┌────────
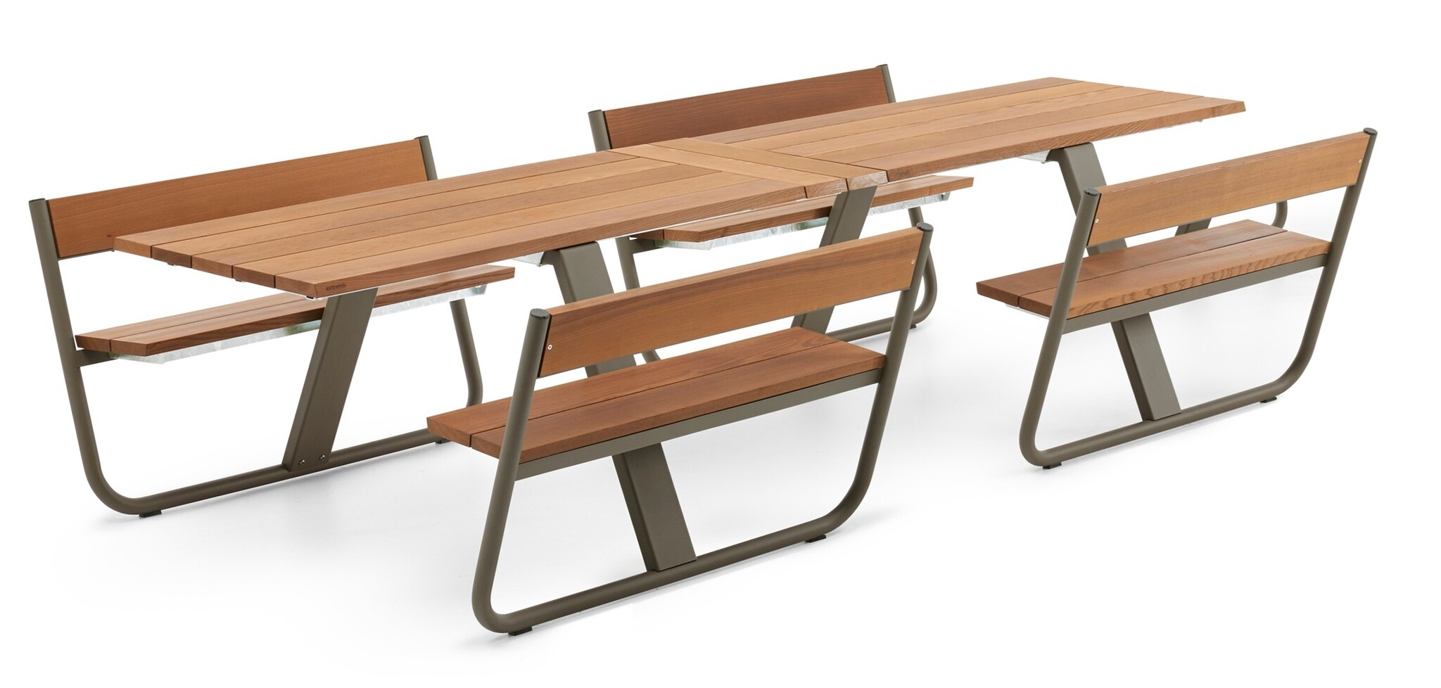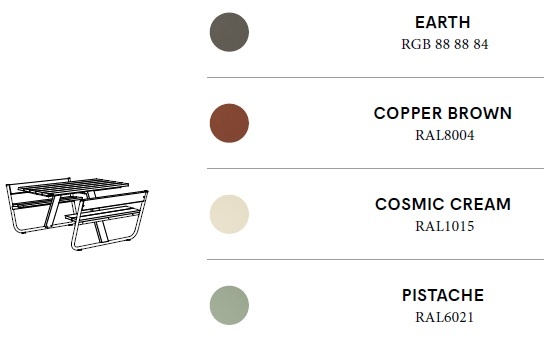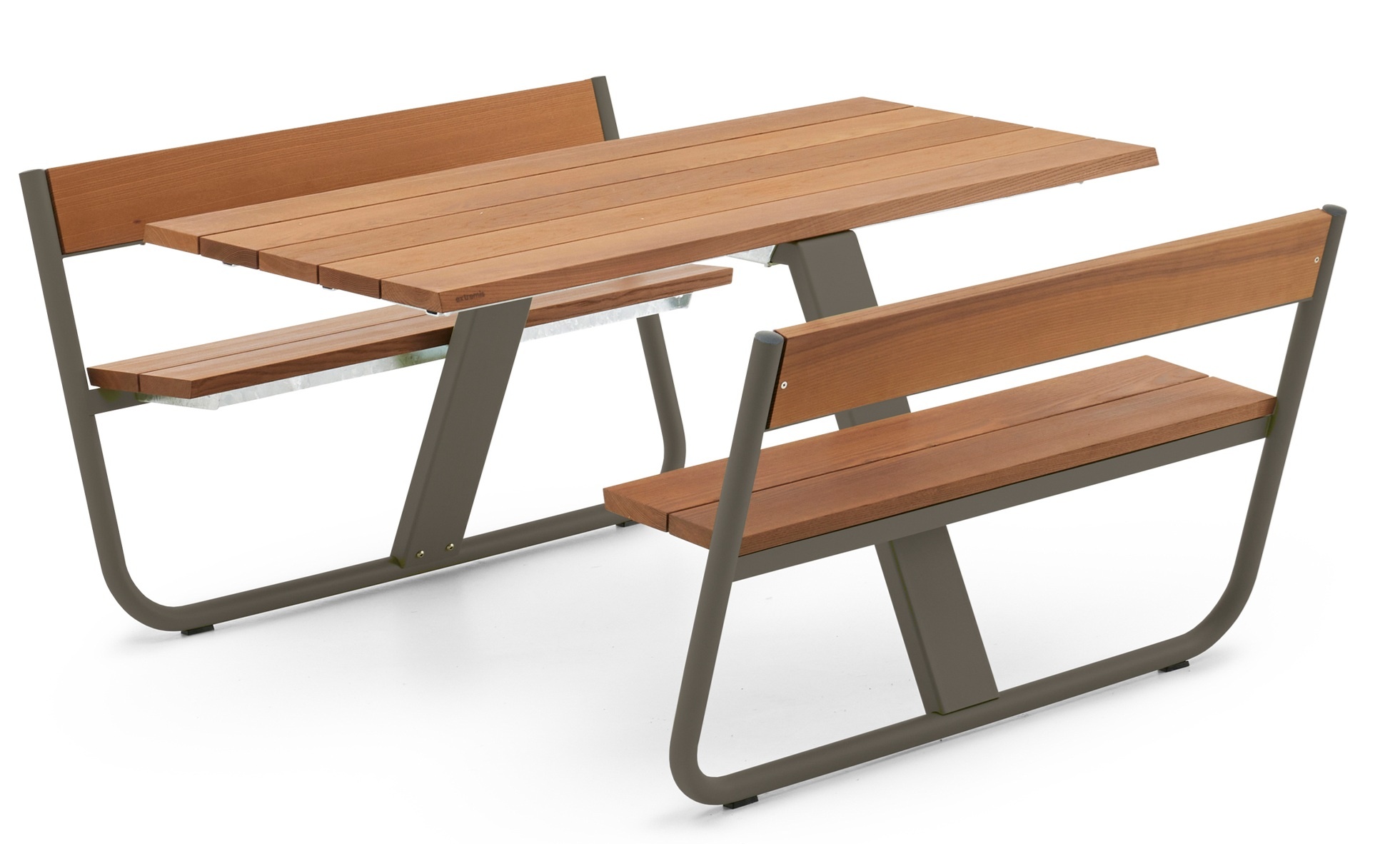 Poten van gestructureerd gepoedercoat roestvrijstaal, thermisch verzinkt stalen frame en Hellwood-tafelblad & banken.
└────────
┌────────
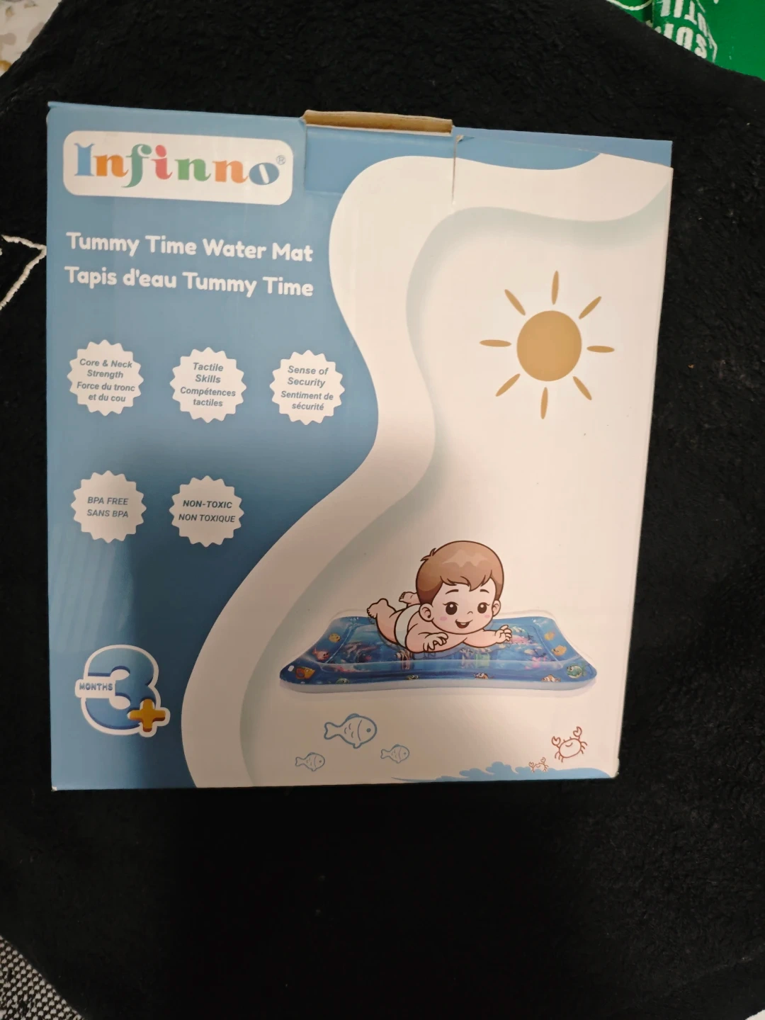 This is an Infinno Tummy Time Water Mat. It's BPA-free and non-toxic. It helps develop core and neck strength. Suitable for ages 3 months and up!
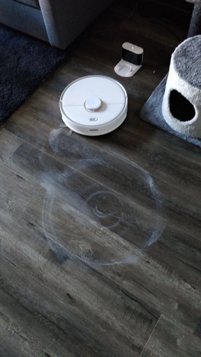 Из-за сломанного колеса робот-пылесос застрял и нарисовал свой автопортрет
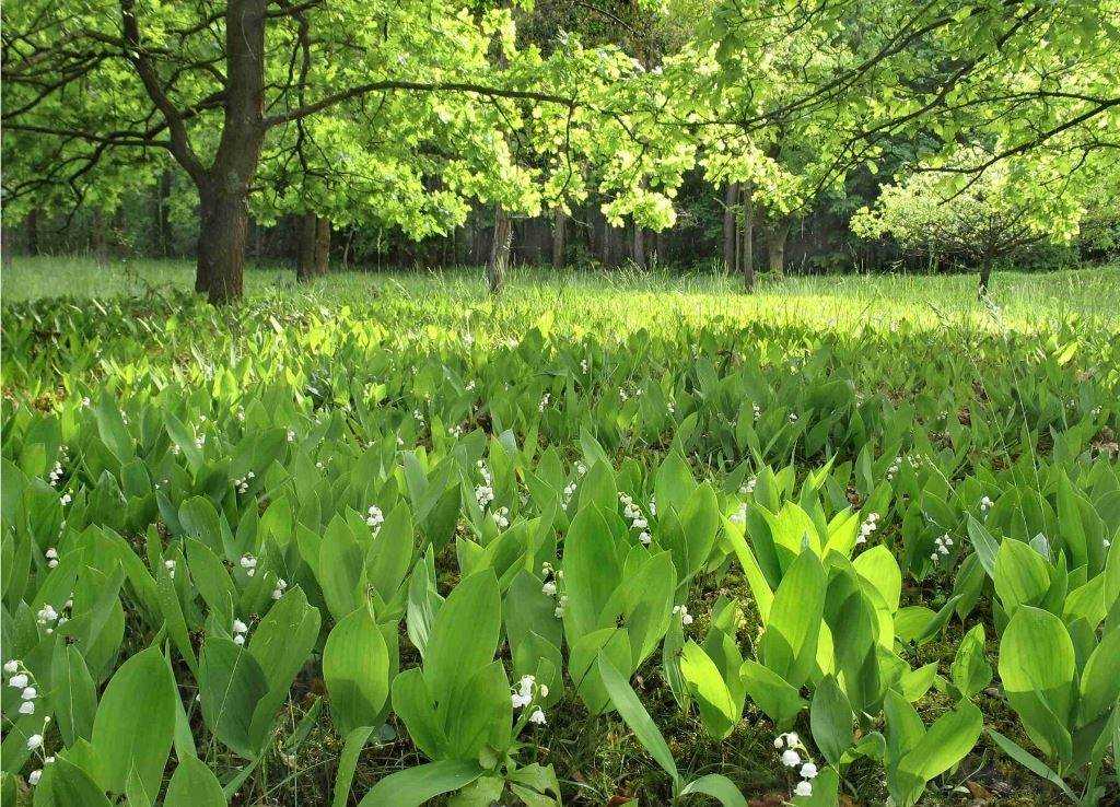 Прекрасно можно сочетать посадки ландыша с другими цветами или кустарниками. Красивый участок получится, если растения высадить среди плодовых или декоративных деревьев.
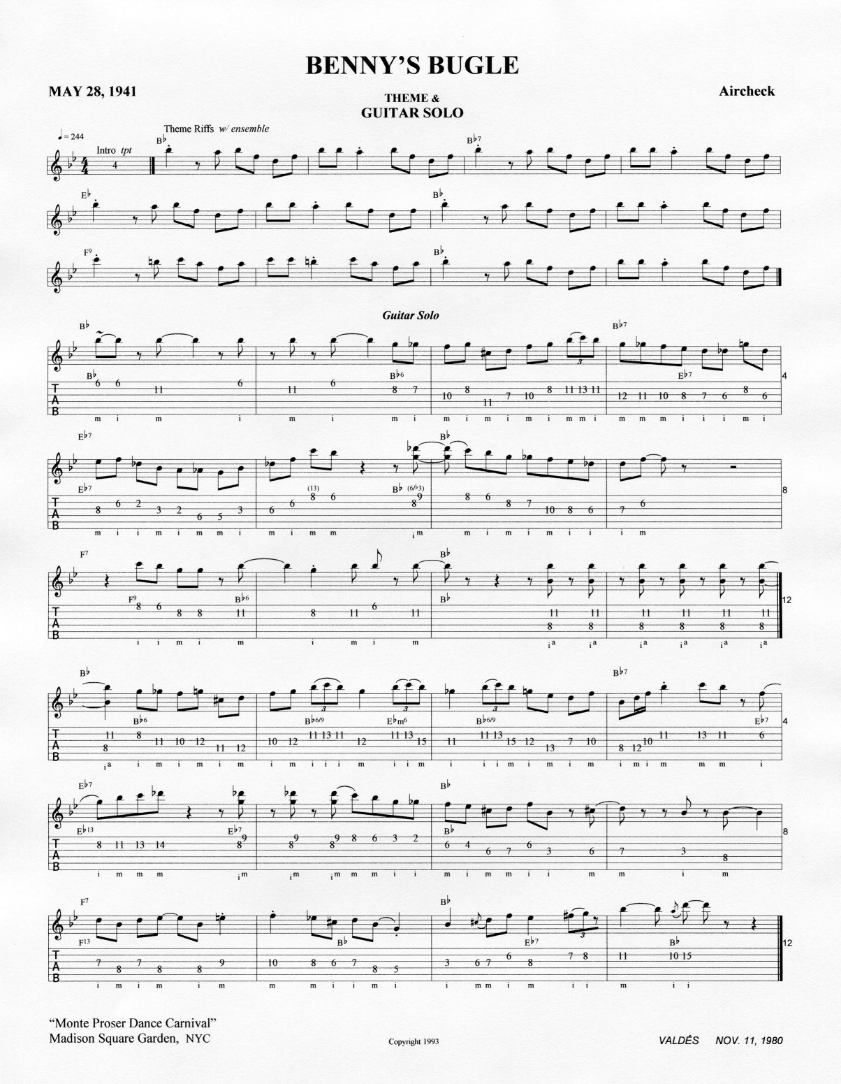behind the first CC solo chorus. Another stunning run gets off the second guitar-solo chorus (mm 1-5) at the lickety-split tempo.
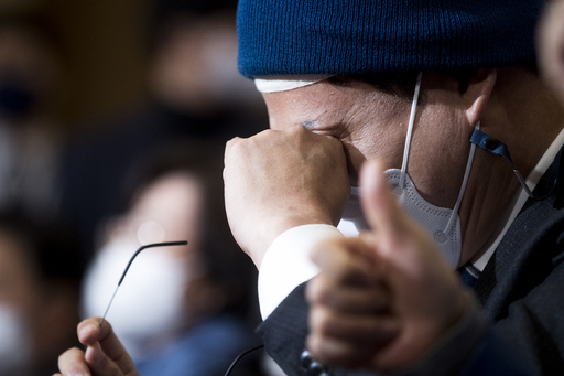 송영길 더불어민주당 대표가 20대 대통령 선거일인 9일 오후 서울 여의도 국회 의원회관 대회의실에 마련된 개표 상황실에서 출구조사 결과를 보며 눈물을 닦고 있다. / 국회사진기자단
└────────
§ YOUR GOAL:
Please repeat the lines of the material above exactly, starting with the line that contains "Из-за сломанного колеса" and ending with the line that contains "송영길 더불어민주당 대표가". Leave the pictures out.

§ ANSWER FOR THIS EXERCISE:
 Из-за сломанного колеса робот-пылесос застрял и нарисовал свой автопортрет
 Прекрасно можно сочетать посадки ландыша с другими цветами или кустарниками. Красивый участок получится, если растения высадить среди плодовых или декоративных деревьев.
behind the first CC solo chorus. Another stunning run gets off the second guitar-solo chorus (mm 1-5) at the lickety-split tempo.
 송영길 더불어민주당 대표가 20대 대통령 선거일인 9일 오후 서울 여의도 국회 의원회관 대회의실에 마련된 개표 상황실에서 출구조사 결과를 보며 눈물을 닦고 있다. / 국회사진기자단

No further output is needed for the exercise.